What kinds of early hires are most important in this industry? What kinds of characteristics and backgrounds should they have? And how did you approach finding them? 

Getting the people right has always been incredibly important to me. From the early days at Policygenius, we knew we wanted to invest in our people function as a strategic function of our organization. Our head of people was our 20th hire, far earlier than most startups hire for the HR function, and that early investment in getting our values, recruiting, and development philosophy right was crucial to building the powerhouse team we have today. Early hires should be values-aligned above all else, because the culture you build early on is the culture you’ll have forever. 

What was a key turning point in discovering your product-market fit?

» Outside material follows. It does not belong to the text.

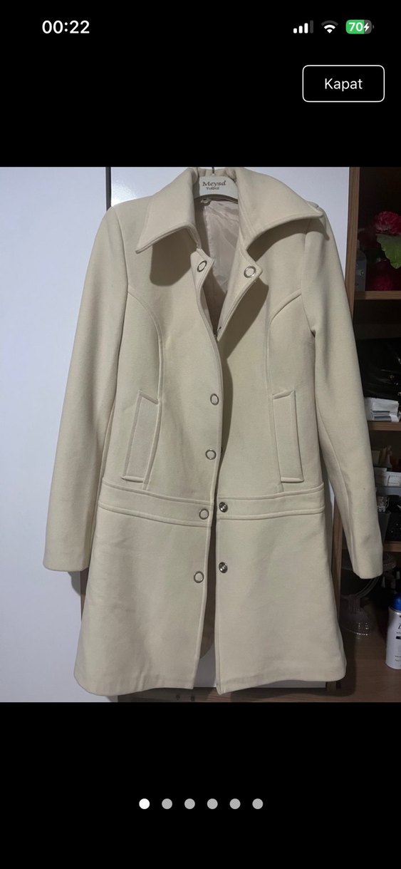 Krem rengi kaban, düğmeli kapama ve yapılı yaka detayına sahiptir. İki cep bulunur, temiz ve şık bir görünüm sunar.

What kinds of questions do you suggest fintech founders ask themselves to get here? 

One of the best ways to learn quickly is by trying to sell your product to customers. 

In the early days, my cofounder and I worked together as sales reps on the phones. For two years, while we were building the product, fundraising, and recruiting, we were also taking phone calls and advising customers. That gave us a very strong foundation in understanding what our customers wanted. We learned that trust was paramount, especially for a big expensive decision, like purchasing insurance. We learned that while digital convenience and self-service is important to a modern shopper, there’s no substitute for talking with a human expert at the moment of truth. When people are taking the plunge to buy a policy, they want to have that human touch to feel comfortable. That mix of digital convenience and human support set us apart in the early days and still sets us apart today.

What are a few key documents and/or processes you’d suggest founders focus on at early stages? Tips for making them most effective?

One piece of advice I’d suggest to any founder is building your network. Having a peer network of people who are trying to do the same thing you are but are a little farther along is invaluable. I’ve met with a group of CEOs of similar-stage companies at least once a month for years. Whether it’s for a tactical question or simple sanity check as you’re starting out, having that group of people to turn to is key. 

What fintech trends or predictions are you thinking about most right now?

I’m thinking about consolidation in financial services—basically every fintech company is trying to become the platform for something, and you’re seeing a lot of pivots and horizontal and vertical expansion. It’s a changing chessboard, for sure.